- 1 1/2 cups chicken broth
- 1 cup uncooked long-grain rice
- 1/2 cup red enchilada sauce
- 1 1/2 onion, diced, divided
- 6 (12 inch) flour tortillas
- 4 cups diced cooked chicken breast, divided
- 1 pound Monterey Jack cheese, shredded, divided
- 1 (6 ounce) can sliced black olives
- 4 cups refried beans, divided
- 1/4 cup vegetable oil
- 3 avocados, peeled and pitted
- 1/2 cup finely chopped cilantro
- 2 tablespoons lemon juice
- 3 green onions, diced
- 1/4 cup finely chopped jalapeno chile peppers
- 1 tomato, diced
- 2 cups shredded lettuce
- 1 cup sour cream
- 2 cups shredded Cheddar cheese
- In a medium saucepan combine the broth, rice, sauce, and 1 diced onion. Mix and bring to a boil; reduce heat to low and let simmer for about 20 minutes, or until rice is tender.
- Meanwhile, heat tortillas in a large skillet (so that they are soft enough to fold).
- When rice mixture is ready, spoon equal amounts of the following onto each tortilla: Chicken, shredded Jack cheese, diced onion, olives, rice mixture and beans. Roll tortillas, tucking in sides to prevent filling from spilling over.

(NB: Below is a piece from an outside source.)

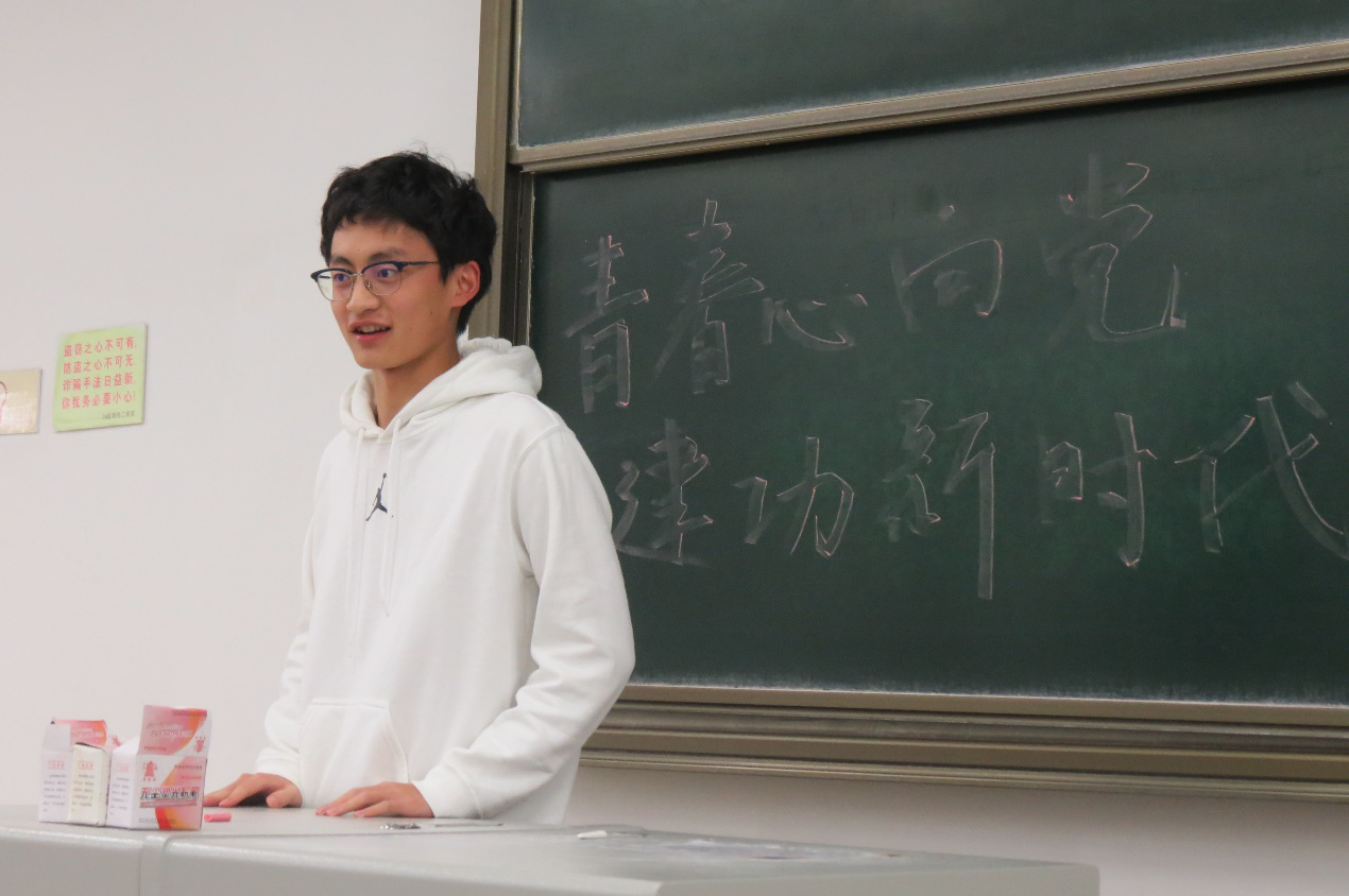 此次活动由团支书王一鑫同学主持,她谈到上个月举国欢庆为祖国母亲庆祝生日,一系列重大的阅兵仪式激起了大家浓烈的爱国热情,正因如此,我们需要进一步认同这种情怀和熏陶,争取在未来为国家,为党做出贡献。

- Heat oil in a large skillet and fry the filled tortillas, turning, until browned on all sides. Drain on paper towels.
- To Serve: In a medium bowl combine the avocados, cilantro, lemon juice, green onions, chile peppers and tomatoes. Mash together. Place shredded lettuce on a platter, topped with chimichangas, avocado mix, sour cream and shredded Cheddar cheese.